Она слышала, как миссис Демптон громко плачет и причитает в коридоре.
— Вашей жене нужно, чтобы вы за ней присмотрели, — изо всех сил стараясь говорить спокойно, сказала Лейла. — Попытайтесь ее успокоить… но прошу вас… пошлите за доктором. И за мистером Эриаром.
Том Демптон неохотно послушался. Лейла слышала, как он спускался по лестнице, а его жена шла за ним, причитая:
— Это она его убила, Том. Как она на него кричала! Желала ему смерти, говорила, чтобы он сгорел в аду. Я так и знала, что этим кончится.
Демптон что-то нетерпеливо проворчал в ответ, и дверь захлопнулась. Причитания миссис Демптон немного поутихли, но совсем она не успокоилась и не вернулась наверх.
— О, бедный Фрэнсис… — прошептала Лейла. — Господи, прости меня. Ты не должен был умереть в одиночестве. Я бы держала тебя за руку. Держала бы, клянусь. Ты когда-то был добр ко мне. За это… О, бедный, глупый Фрэнсис!
Слезы потекли по ее щекам. Лейла наклонилась, чтобы закрыть Боумонту глаза, и вдруг она почувствовала странный запах. Она глянула на разбитую склянку опия, содержимое которой вылилось на ковер рядом с головой Фрэнсиса. Но это не был опий. Запах был больше похож на запах… чернил.
Лейла снова принюхалась, потом отпрянула и похолодела. На полу были разлиты лишь вода и настойка опия. Ничего больше, никакого одеколона не было. Но запах она узнала.
Лейла оглядела комнату.
Она слышала грохот и треск. Падая, муж опрокинул тумбочку и кувшин с водой, стакан и склянка упали на пол и разбились. После этого не было никаких звуков. Ни криков о помощи, ни ругательств. Сначала раздался грохот, а потом наступила тишина.
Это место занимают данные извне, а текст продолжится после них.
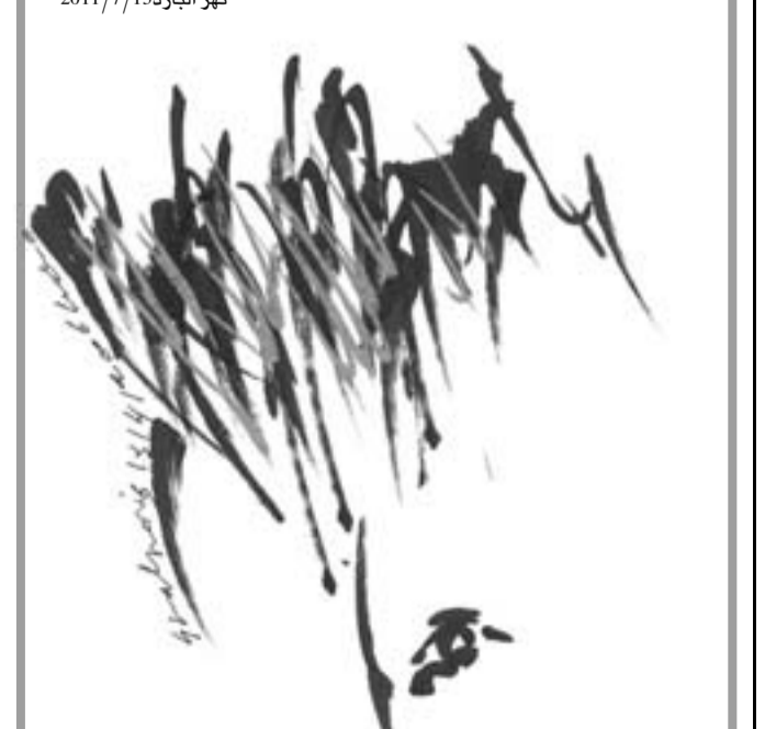
نهر البارد 13/7/2011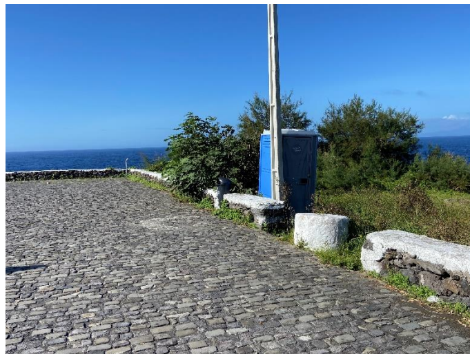
foto 4 - WC portátil, junto ao Mirante.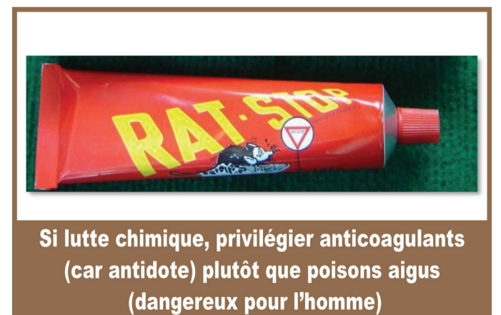
Si lutte chimique, privilégier anticoagulants (car antidote) plutôt que poisons aigus (dangereux pour l'homme)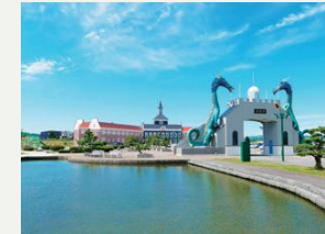
サンフラワーパーク北竜温泉

7月中旬～8月下旬にひまわりまつりを開催。23haの畑に200万本のひまわりが咲きます。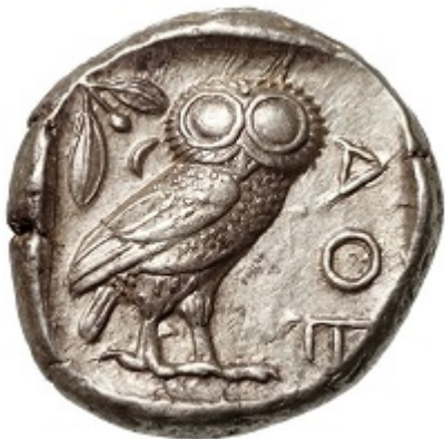
Pièce en argent –Grèce – Athènes -Tétradrachme, – 454-404

Dotée d'une tête caractéristique et d'un regard fixe, la chouette évoque par son immobilité silencieuse la sagesse, par ses mœurs nocturnes et son calme la solitude (celle du misanthrope), par son cri inquiétant des mauvais présages.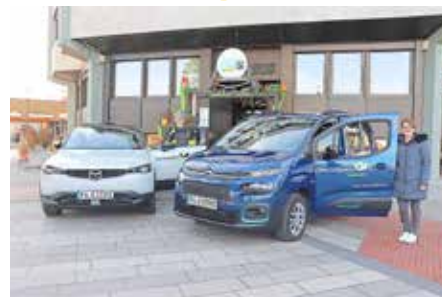
Das sind die beiden „neuen“ vollelektrischen Stadtfahrzeuge.

den Elektroautos auch über Dienst-Elektrofahrräder, die die Bauhof- und Verwaltungsmitarbeiter vor allem für kurze Dienstwege nutzen können.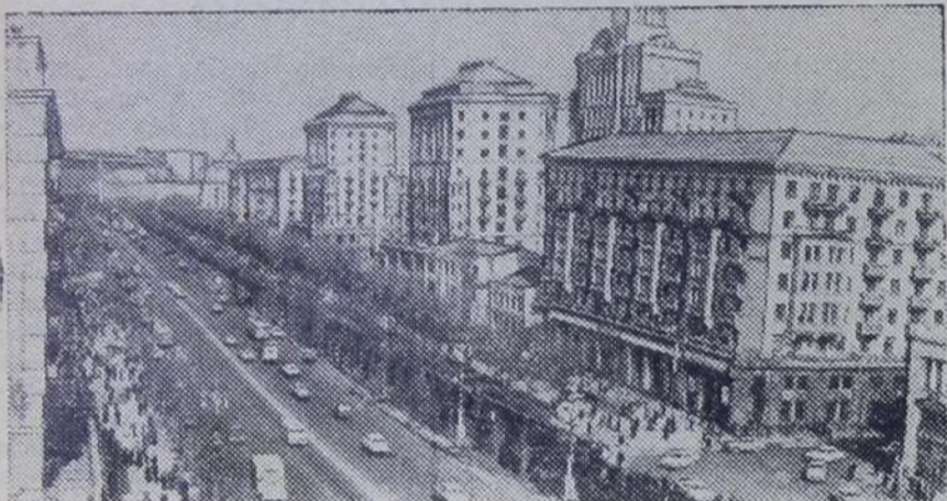
Киев — столица Украины. Центральная магистраль города — Крещатик.

Народная мудрость гласит: «Чем больше даешь, тем богаче становишься». Украина дает для народного хозяйства СССР магистральные тепловозы и радиотехническую аппаратуру, строительные материалы и минеральные удобрения,

Смерть Фрэнсиса, очевидно, была мгновенной.
Лейла заставила себя наклониться и снова принюхалась. Незнакомый запах был не только в комнате, но и на губах мужа. Очень слабый, но явный: запах горького миндаля. Почему она подумала, что это чернила?
Мозг отказывался думать, но Лейла его заставила. Чернила. Доктор. В Париже к ней приходил доктор. Это было очень давно. Доктор велел оставить открытыми окна. Он взял в руки бутылочку синих чернил — это была берлинская лазурь — и сказал, что можно заболеть от одного ее запаха.
«Художники такие беспечные, — сказал доктор. — Они проводят свою жизнь среди самых страшных ядов. Знаешь, из чего сделаны эти чернила, детка? Из синильной кислоты».
Синильная кислота. Симптомы появляются в считанные секунды. Смерть наступает через несколько минут. Сердце постепенно останавливается… начинаются конвульсии… потом удушье. Эта кислота — один из самых сильных смертельных ядов, потому что действует почти мгновенно. Так сказал доктор. Обнаружить признаки этого яда очень трудно. Остается лишь запах горького миндаля.
Кто-то отравил Фрэнсиса синильной кислотой!
Лейла закрыла глаза.
«Это она его убила. Ты слышал… Сказала, чтобы он сгорел в аду.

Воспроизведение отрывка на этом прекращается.